▸ WHAT THE EXERCISE ASKS
Return the records exactly as they stand, and keep the pictures out of the copy.

▸ Records from a dataset
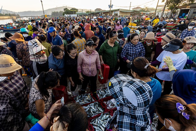 Mực nháy sau khi được câu về sẽ được người dân tập trung bán tại tuyến đường lên đảo Lan Châu, thuộc phường Nghi Thủy vào mỗi buổi tối. Càng về khuya, ‘phiên chợ’ càng tấp nập người dân, du khách tới mua, xem, hóng mát và livestream cho bạn bè phương xa xem cùng.
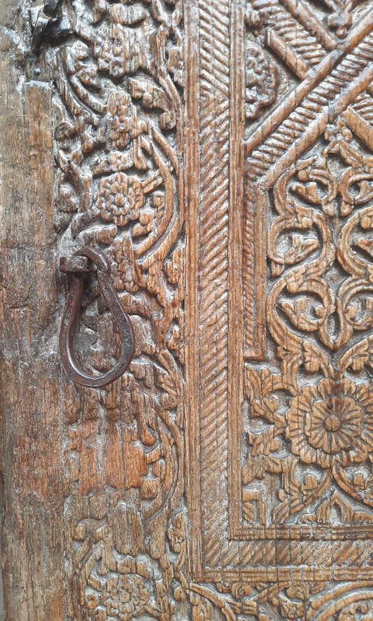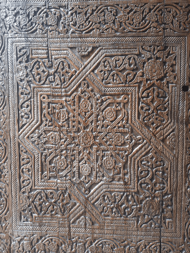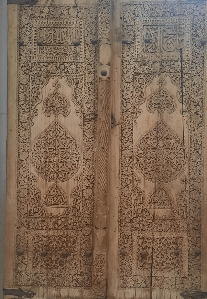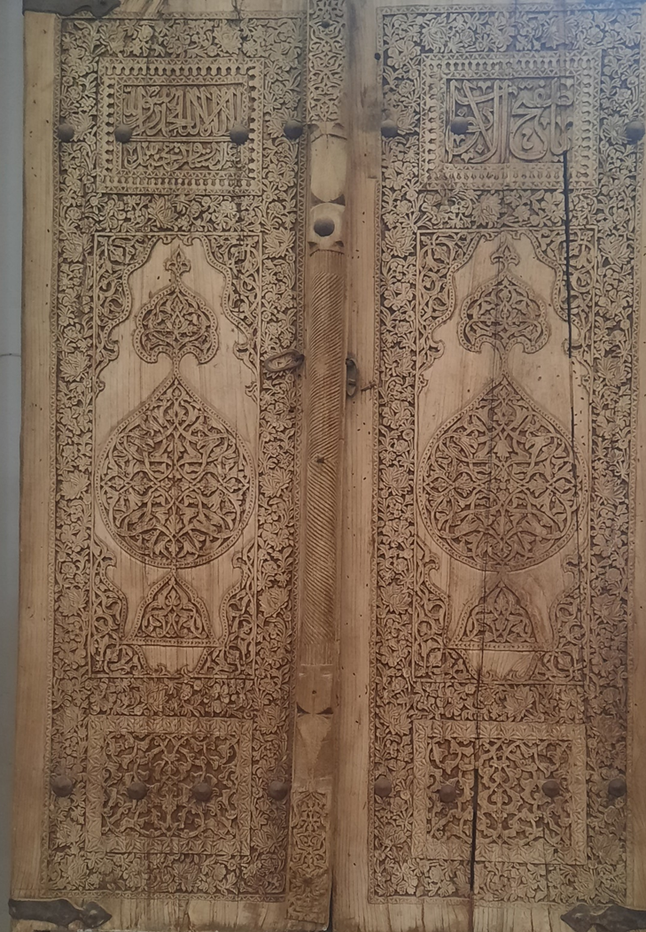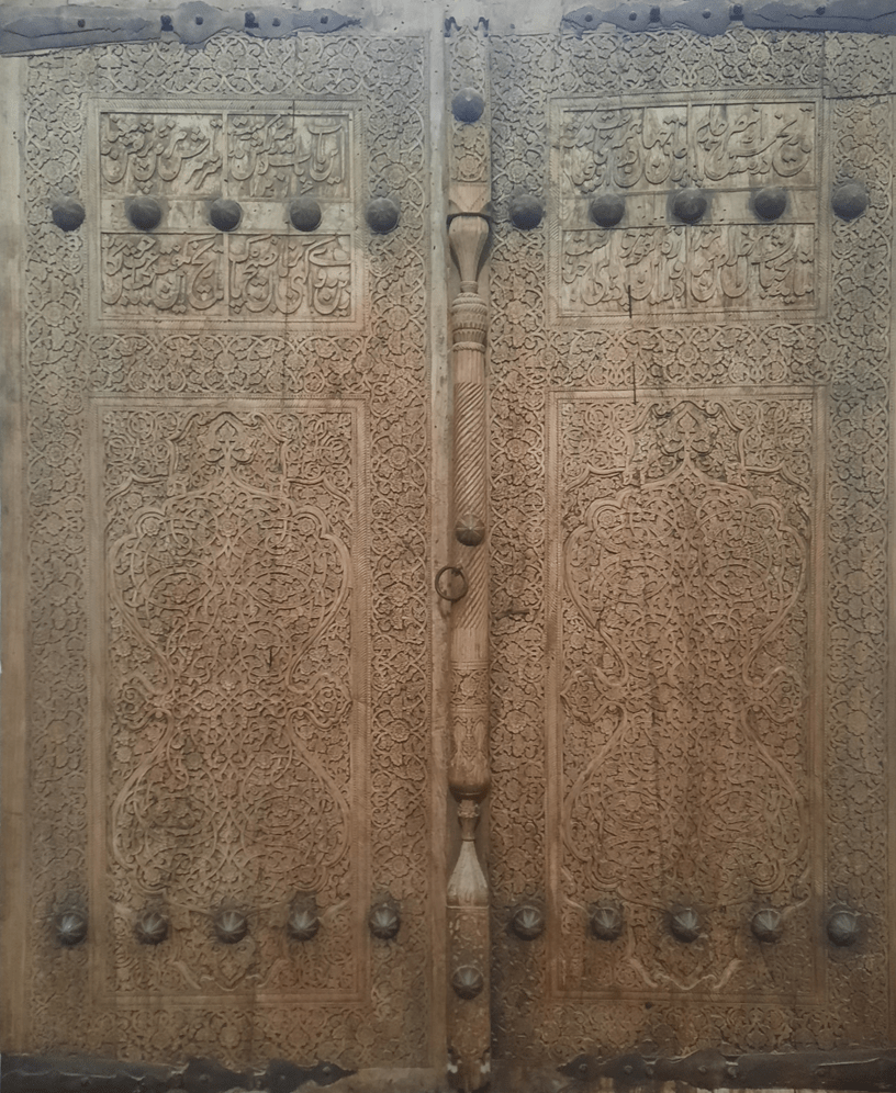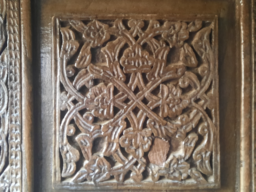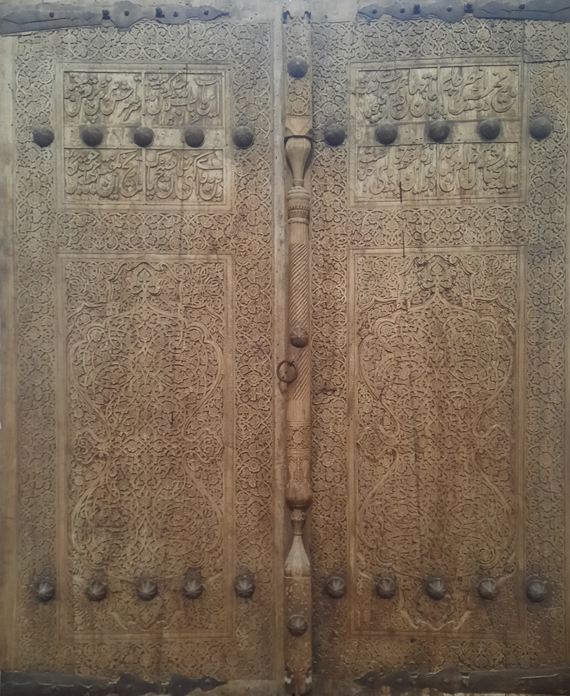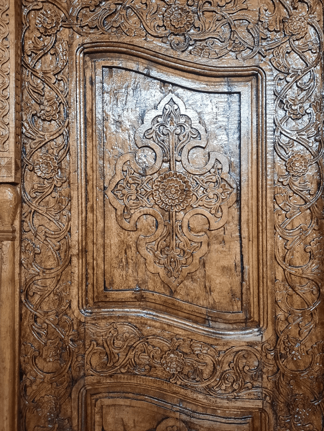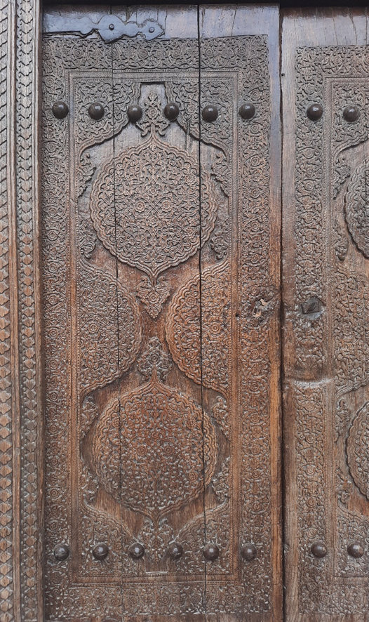 Em Khiva, registrei a maravilha dos sobre relevos nas portas em madeira. Foi explicado a nós que os uzbeques mantêm a madeira passando sempre azeite para lubrificar (vou fazer o mesmo nos objetos de madeira que eu tenho). Também disseram que os mais ricos tinham suas portas com uma única folha, porque era mais difícil de ser rompida e eu achando as de duas mais bonitas… Algumas entre essas portas têm mais de seis séculos.
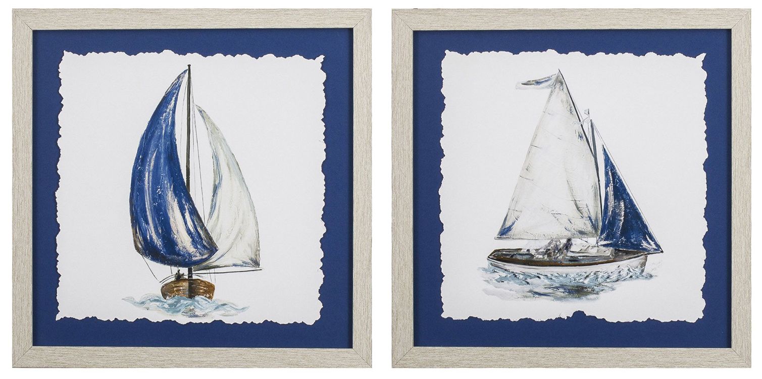 Navy Sail 15"W x 15"H Framed Art Set of 2
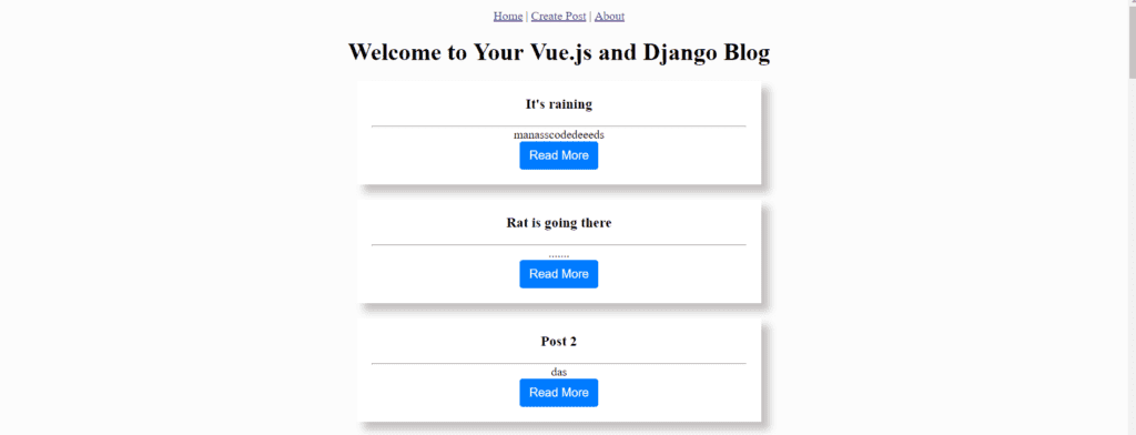 When both the server successfully run, the vue server will running on localhost:8000. Open the url on you browser to see all the post. But unfortunately you will see something look like this.
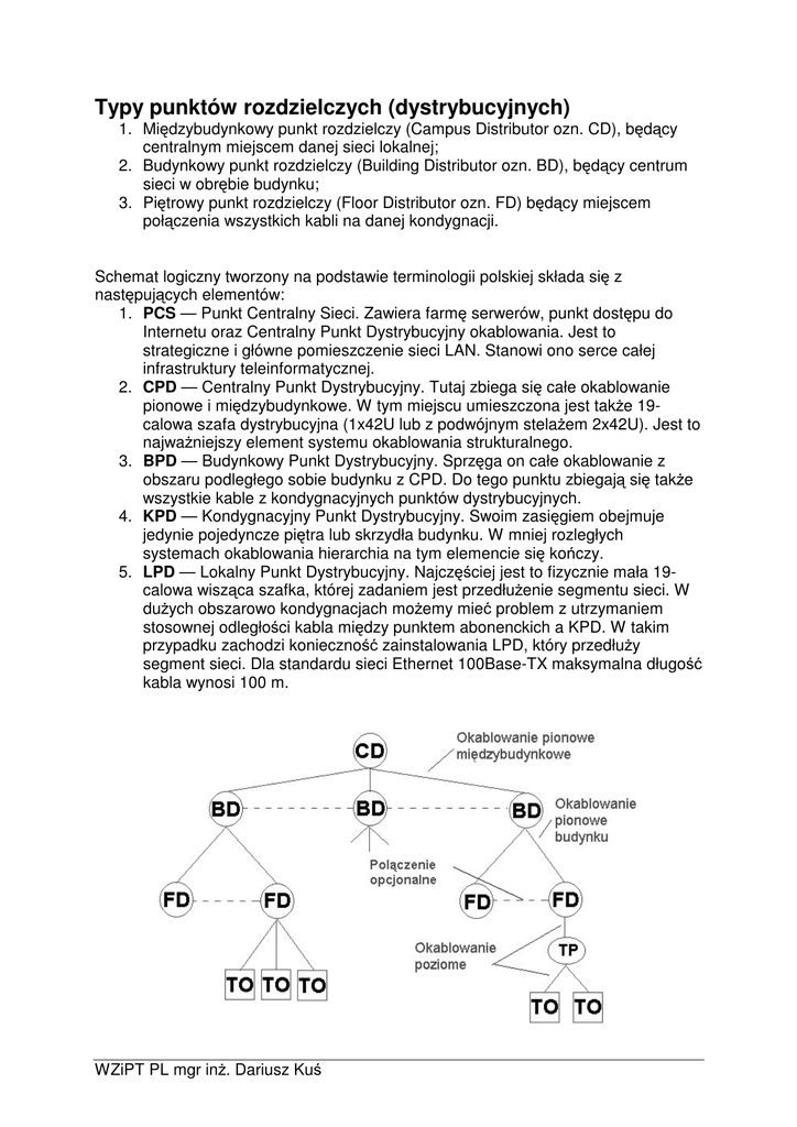 Typy punktów rozdzielczych (dystrybucyjnych) 1. Mi dzybudynkowy punkt rozdzielczy (Campus Distributor ozn. CD), b d cy centralnym miejscem danej sieci lokalnej; 2. Budynkowy punkt rozdzielczy (Building Distributor ozn. BD), b d cy centrum sieci w obr bie budynku; 3. Pi trowy punkt rozdzielczy (Floor Distributor ozn. FD) b d cy miejscem poł czenia wszystkich kabli na danej kondygnacji. Schemat logiczny tworzony na podstawie terminologii polskiej składa si z nast puj cych elementów: 1. PCS — Punkt Centralny Sieci. Zawiera farm serwerów, punkt dost pu do Internetu oraz Centralny Punkt Dystrybucyjny okablowania. Jest to strategiczne i główne pomieszczenie sieci LAN. Stanowi ono serce całej infrastruktury teleinformatycznej. 2. CPD — Centralny Punkt Dystrybucyjny. Tutaj zbiega si całe okablowanie pionowe i mi dzybudynkowe. W tym miejscu umieszczona jest tak e 19calowa szafa dystrybucyjna (1x42U lub z podwójnym stela em 2x42U). Jest to najwa niejszy element systemu okablowania strukturalnego. 3. BPD — Budynkowy Punkt Dystrybucyjny. Sprz ga on całe okablowanie z obszaru podległego sobie budynku z CPD. Do tego punktu zbiegaj si tak e wszystkie kable z kondygnacyjnych punktów dystrybucyjnych. 4. KPD — Kondygnacyjny Punkt Dystrybucyjny. Swoim zasi giem obejmuje jedynie pojedyncze pi tra lub skrzydła budynku. W mniej rozległych systemach okablowania hierarchia na tym elemencie si ko czy. 5. LPD — Lokalny Punkt Dystrybucyjny. Najcz ciej jest to fizycznie mała 19calowa wisz ca szafka, której zadaniem jest przedłu enie segmentu sieci. W du ych obszarowo kondygnacjach mo emy mie problem z utrzymaniem stosownej odległo ci kabla mi dzy punktem abonenckich a KPD. W takim przypadku zachodzi konieczno zainstalowania LPD, który przedłu y segment sieci. Dla standardu sieci Ethernet 100Base-TX maksymalna długo kabla wynosi 100 m. WZiPT PL mgr in . Dariusz Ku Rodzaje punktów dystrybucyjnych • Główny punkt rozdzielczy MDF (ang. Main Distribution Frame) to punkt centralny okablowania w topologii gwiazdy. Zbiegaj si w nim kable z s siednich budynków, pi ter i miejskiej centrali telefonicznej oraz odchodz przebiegi pionowe (do po rednich punktów dystrybucyjnych IDF w obiekcie) i poziome do punktów abonenckich zlokalizowanych w pobli u MDF (do 90m). Cz sto umieszczony jest na parterze lub na rodkowej kondygnacji budynku (np. 2 pi tro budynku 4 pi trowego), w jego pobli u znajduje si centralka telefoniczna, serwer lub inny sprz t aktywny. • Po redni punkt rozdzielczy IDF (ang. Intermediate Distribution Frame) lub inaczej SDF (ang. Sub-Distribution Frame) to lokalny punkt dystrybucyjny obsługuj cy najcz ciej dany obszar roboczy lub pi tro. Jest obszarem przej ciowym mi dzy okablowaniem pionowym i poziomym. Jest to miejsce, którego mo na dokonywa o poszerzenia sieci poprzez rozbudowywanie przebiegów poziomych o zarz dza wykorzystaniem tych przebiegów poprzez organizowanie ich poł cze o przeprowadza ich testowanie Umiejscowienie IDF-ów jest wyznaczane przy uwzgl dnieniu maksymalnej długo ci 90m przebiegów poziomych. Punkty rozdzielcze – rozkład komponentów WZiPT PL mgr in . Dariusz Ku • • • • • • • Przewody powinny by logicznie pogrupowane aby ułatwi ich zako czenie na panelach krosowych Kable powinny by prowadzone po obu stronach szafy lub ramy 19” Nie przekracza minimalnych dopuszczalnych promieni zgi cia kabli o 4 x Ø dla UTP o 6 x Ø dla FTP i UTP o 10 x F dla FO Co ka de 48 portów na panelach krosowych nale y umie ci panel z wieszakami Nie rozplata kabli na długo ci wi kszej ni jest to konieczne do ich zako czenia na zł czach (max 12.5mm) Podczas instalacji kabli ekranowanych STP/FTP doł czy drut uziemiaj cy do wła ciwej listwy lub szczeliny na zł czu IDC Oznaczy kable zgodnie z dokumentacj na obu ko cach Sekwencje WZiPT PL mgr in . Dariusz Ku
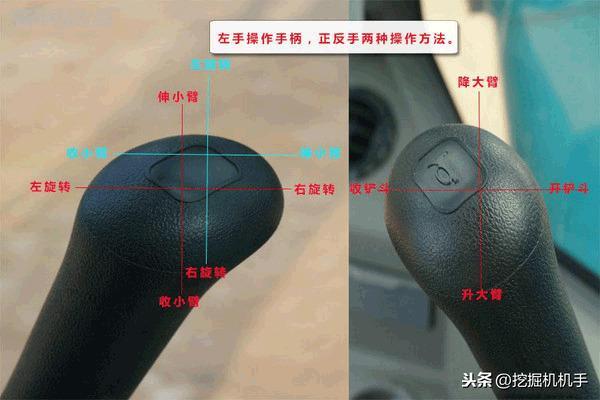 此外挖掘的大小臂、铲斗伸缩的动作都是利用这两个手柄,随着摆动位置的不同,动作速度及力度都会有变化。由于挖掘机型号及品牌的不同,有的挖掘机手柄附带有瞬间增加功率的功能按钮,比如在吊装时可以增加大小臂的力度,装车作业时提升大臂速度。
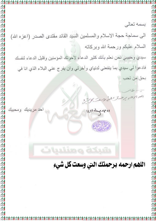 طلب الدعاء لاحد المؤمنين استفتاء السيد القائد مقتدى الصدر اعزه الله 14 - 5 - 2012

▸ RESPONSE BELOW
 Mực nháy sau khi được câu về sẽ được người dân tập trung bán tại tuyến đường lên đảo Lan Châu, thuộc phường Nghi Thủy vào mỗi buổi tối. Càng về khuya, ‘phiên chợ’ càng tấp nập người dân, du khách tới mua, xem, hóng mát và livestream cho bạn bè phương xa xem cùng.
 Em Khiva, registrei a maravilha dos sobre relevos nas portas em madeira. Foi explicado a nós que os uzbeques mantêm a madeira passando sempre azeite para lubrificar (vou fazer o mesmo nos objetos de madeira que eu tenho). Também disseram que os mais ricos tinham suas portas com uma única folha, porque era mais difícil de ser rompida e eu achando as de duas mais bonitas… Algumas entre essas portas têm mais de seis séculos.
 Navy Sail 15"W x 15"H Framed Art Set of 2
 When both the server successfully run, the vue server will running on localhost:8000. Open the url on you browser to see all the post. But unfortunately you will see something look like this.
 Typy punktów rozdzielczych (dystrybucyjnych) 1. Mi dzybudynkowy punkt rozdzielczy (Campus Distributor ozn. CD), b d cy centralnym miejscem danej sieci lokalnej; 2. Budynkowy punkt rozdzielczy (Building Distributor ozn. BD), b d cy centrum sieci w obr bie budynku; 3. Pi trowy punkt rozdzielczy (Floor Distributor ozn. FD) b d cy miejscem poł czenia wszystkich kabli na danej kondygnacji. Schemat logiczny tworzony na podstawie terminologii polskiej składa si z nast puj cych elementów: 1. PCS — Punkt Centralny Sieci. Zawiera farm serwerów, punkt dost pu do Internetu oraz Centralny Punkt Dystrybucyjny okablowania. Jest to strategiczne i główne pomieszczenie sieci LAN. Stanowi ono serce całej infrastruktury teleinformatycznej. 2. CPD — Centralny Punkt Dystrybucyjny. Tutaj zbiega si całe okablowanie pionowe i mi dzybudynkowe. W tym miejscu umieszczona jest tak e 19calowa szafa dystrybucyjna (1x42U lub z podwójnym stela em 2x42U). Jest to najwa niejszy element systemu okablowania strukturalnego. 3. BPD — Budynkowy Punkt Dystrybucyjny. Sprz ga on całe okablowanie z obszaru podległego sobie budynku z CPD. Do tego punktu zbiegaj si tak e wszystkie kable z kondygnacyjnych punktów dystrybucyjnych. 4. KPD — Kondygnacyjny Punkt Dystrybucyjny. Swoim zasi giem obejmuje jedynie pojedyncze pi tra lub skrzydła budynku. W mniej rozległych systemach okablowania hierarchia na tym elemencie si ko czy. 5. LPD — Lokalny Punkt Dystrybucyjny. Najcz ciej jest to fizycznie mała 19calowa wisz ca szafka, której zadaniem jest przedłu enie segmentu sieci. W du ych obszarowo kondygnacjach mo emy mie problem z utrzymaniem stosownej odległo ci kabla mi dzy punktem abonenckich a KPD. W takim przypadku zachodzi konieczno zainstalowania LPD, który przedłu y segment sieci. Dla standardu sieci Ethernet 100Base-TX maksymalna długo kabla wynosi 100 m. WZiPT PL mgr in . Dariusz Ku Rodzaje punktów dystrybucyjnych • Główny punkt rozdzielczy MDF (ang. Main Distribution Frame) to punkt centralny okablowania w topologii gwiazdy. Zbiegaj si w nim kable z s siednich budynków, pi ter i miejskiej centrali telefonicznej oraz odchodz przebiegi pionowe (do po rednich punktów dystrybucyjnych IDF w obiekcie) i poziome do punktów abonenckich zlokalizowanych w pobli u MDF (do 90m). Cz sto umieszczony jest na parterze lub na rodkowej kondygnacji budynku (np. 2 pi tro budynku 4 pi trowego), w jego pobli u znajduje si centralka telefoniczna, serwer lub inny sprz t aktywny. • Po redni punkt rozdzielczy IDF (ang. Intermediate Distribution Frame) lub inaczej SDF (ang. Sub-Distribution Frame) to lokalny punkt dystrybucyjny obsługuj cy najcz ciej dany obszar roboczy lub pi tro. Jest obszarem przej ciowym mi dzy okablowaniem pionowym i poziomym. Jest to miejsce, którego mo na dokonywa o poszerzenia sieci poprzez rozbudowywanie przebiegów poziomych o zarz dza wykorzystaniem tych przebiegów poprzez organizowanie ich poł cze o przeprowadza ich testowanie Umiejscowienie IDF-ów jest wyznaczane przy uwzgl dnieniu maksymalnej długo ci 90m przebiegów poziomych. Punkty rozdzielcze – rozkład komponentów WZiPT PL mgr in . Dariusz Ku • • • • • • • Przewody powinny by logicznie pogrupowane aby ułatwi ich zako czenie na panelach krosowych Kable powinny by prowadzone po obu stronach szafy lub ramy 19” Nie przekracza minimalnych dopuszczalnych promieni zgi cia kabli o 4 x Ø dla UTP o 6 x Ø dla FTP i UTP o 10 x F dla FO Co ka de 48 portów na panelach krosowych nale y umie ci panel z wieszakami Nie rozplata kabli na długo ci wi kszej ni jest to konieczne do ich zako czenia na zł czach (max 12.5mm) Podczas instalacji kabli ekranowanych STP/FTP doł czy drut uziemiaj cy do wła ciwej listwy lub szczeliny na zł czu IDC Oznaczy kable zgodnie z dokumentacj na obu ko cach Sekwencje WZiPT PL mgr in . Dariusz Ku
 此外挖掘的大小臂、铲斗伸缩的动作都是利用这两个手柄,随着摆动位置的不同,动作速度及力度都会有变化。由于挖掘机型号及品牌的不同,有的挖掘机手柄附带有瞬间增加功率的功能按钮,比如在吊装时可以增加大小臂的力度,装车作业时提升大臂速度。
 طلب الدعاء لاحد المؤمنين استفتاء السيد القائد مقتدى الصدر اعزه الله 14 - 5 - 2012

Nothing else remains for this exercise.